BEGIN Supplied records
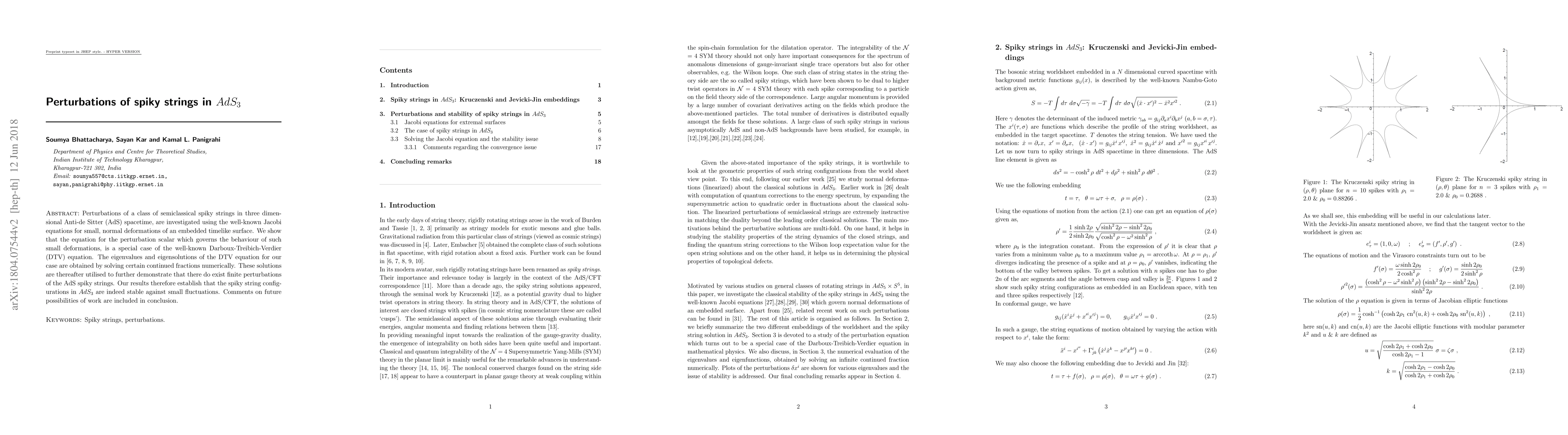 Perturbations of a class of semiclassical spiky strings in three dimensional Anti-de Sitter (AdS) spacetime, are investigated using the well-known Jacobi equations for small, normal deformations of an embedded timelike surface. We show that the equation for the perturbation scalar which governs the behaviour of such small deformations, is a special case of the well-known Darboux-Treibich-Verdier (DTV) equation. The eigenvalues and eigensolutions of the DTV equation for our case are obtained by solving certain continued fractions numerically. These solutions are thereafter utilised to further demonstrate that there do exist finite perturbations of the AdS spiky strings. Our results therefore establish that the spiky string configurations in AdS3 are indeed stable against small fluctuations. Comments on future possibilities of work are included in conclusion.
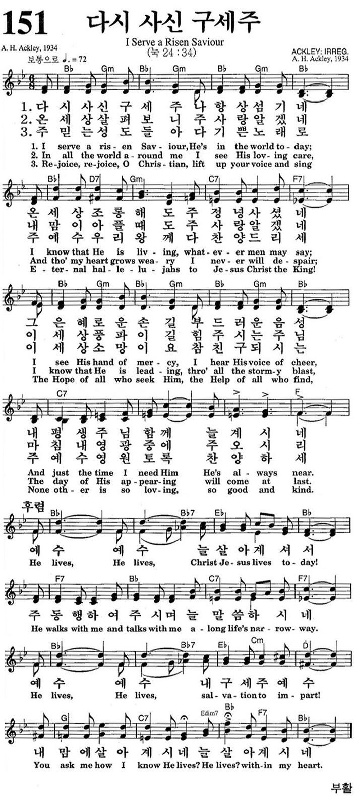 [스크랩] (♬在) (영어 찬송) 151장, 다시 사신 구세주, I Serve a Risen Saviour (♬在)
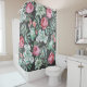 Pink Roses and Succulent Cactus Pattern on Black Shower Curtain
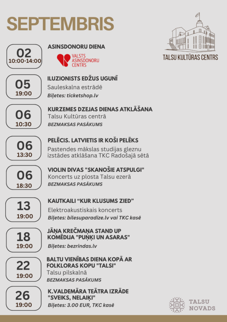 Aktualitātes Jaunumi Pasākumi Iepazīsties ar septembra aktualitātēm un pasākumiem Talsos un Talsu Kultūras centrā! 26.08.2025.27.08.2025.
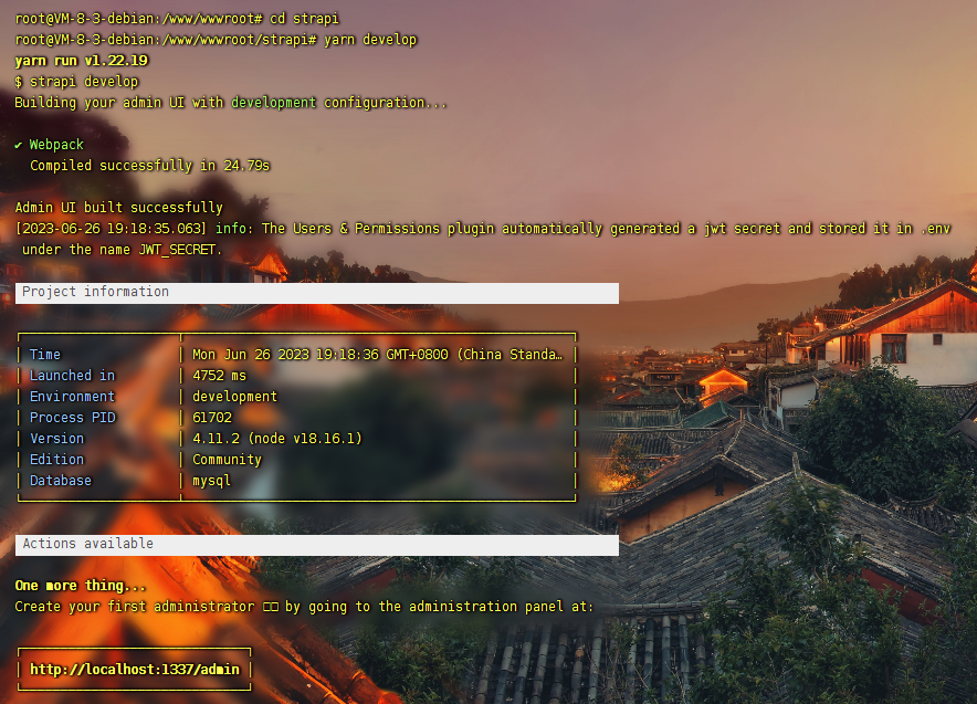 cd /www/wwwroot/strapi - 编译项目静态资源
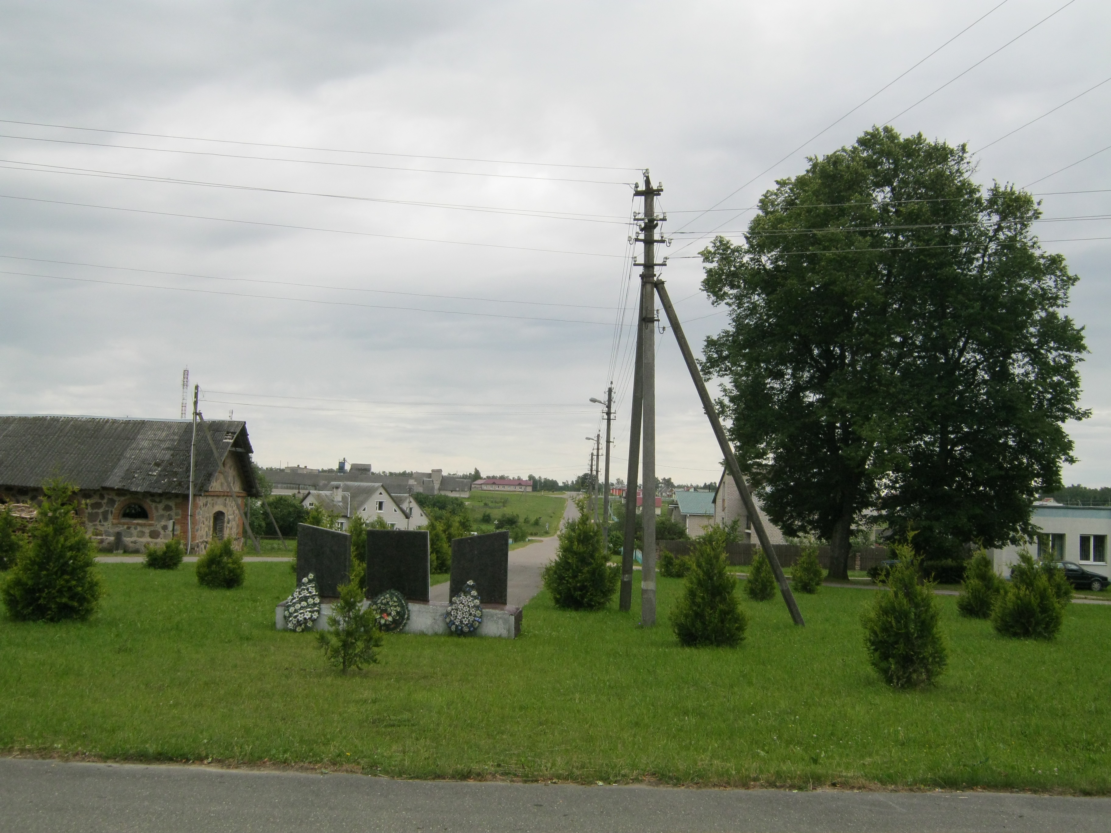 Устаноўлен помнік землякам, якія загінулі ў Вялікую Айчынную вайну.
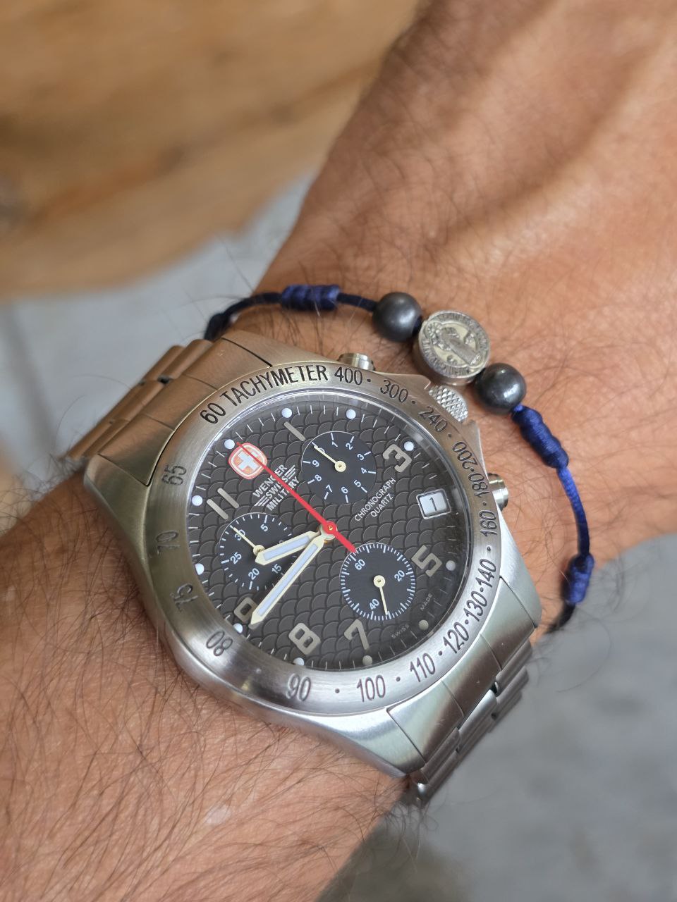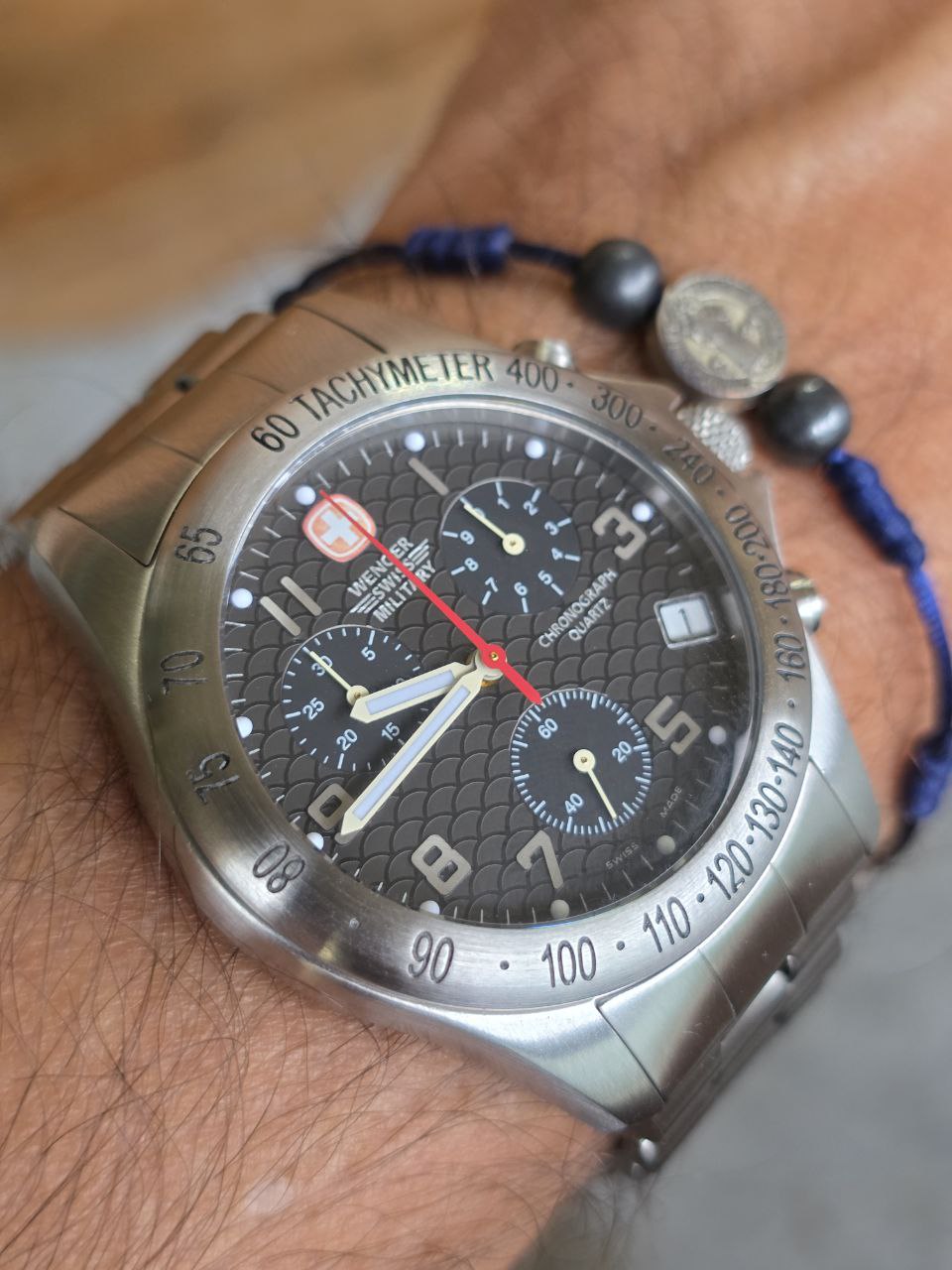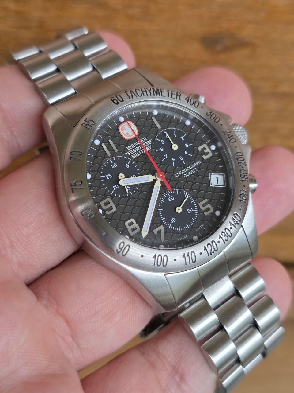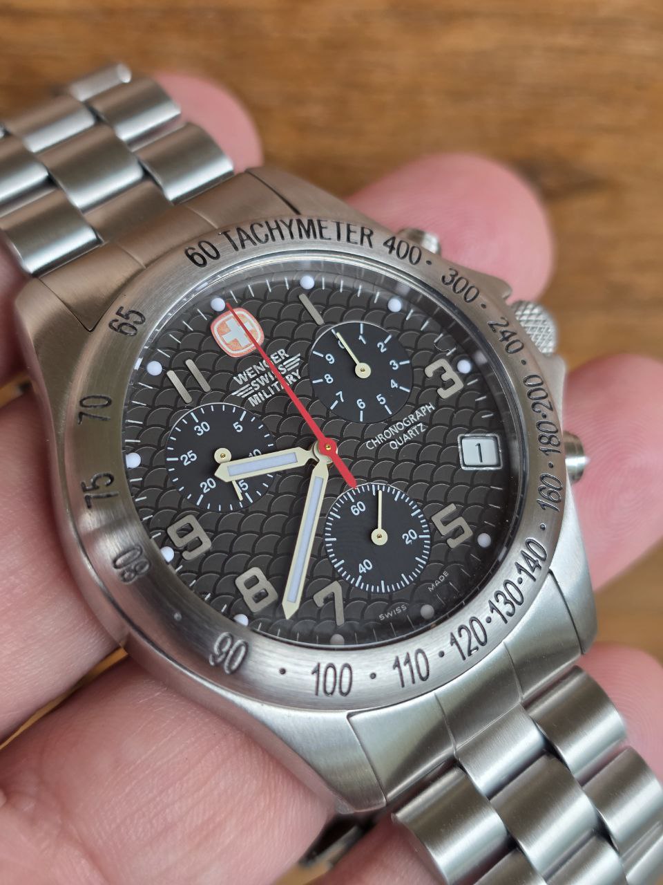 O design esportivo com taquímetro, mostrador bem equilibrado e proporções clássicas de 40mm fazem deste Wenger um modelo atemporal, cada vez mais difícil de encontrar em estado honesto como este.
END Supplied records
Pictures stay out of this copy; write out the entries above exactly.

▶ **Exercise answer**
 Perturbations of a class of semiclassical spiky strings in three dimensional Anti-de Sitter (AdS) spacetime, are investigated using the well-known Jacobi equations for small, normal deformations of an embedded timelike surface. We show that the equation for the perturbation scalar which governs the behaviour of such small deformations, is a special case of the well-known Darboux-Treibich-Verdier (DTV) equation. The eigenvalues and eigensolutions of the DTV equation for our case are obtained by solving certain continued fractions numerically. These solutions are thereafter utilised to further demonstrate that there do exist finite perturbations of the AdS spiky strings. Our results therefore establish that the spiky string configurations in AdS3 are indeed stable against small fluctuations. Comments on future possibilities of work are included in conclusion.
 [스크랩] (♬在) (영어 찬송) 151장, 다시 사신 구세주, I Serve a Risen Saviour (♬在)
 Pink Roses and Succulent Cactus Pattern on Black Shower Curtain
 Aktualitātes Jaunumi Pasākumi Iepazīsties ar septembra aktualitātēm un pasākumiem Talsos un Talsu Kultūras centrā! 26.08.2025.27.08.2025.
 cd /www/wwwroot/strapi - 编译项目静态资源
 Устаноўлен помнік землякам, якія загінулі ў Вялікую Айчынную вайну.
 O design esportivo com taquímetro, mostrador bem equilibrado e proporções clássicas de 40mm fazem deste Wenger um modelo atemporal, cada vez mais difícil de encontrar em estado honesto como este.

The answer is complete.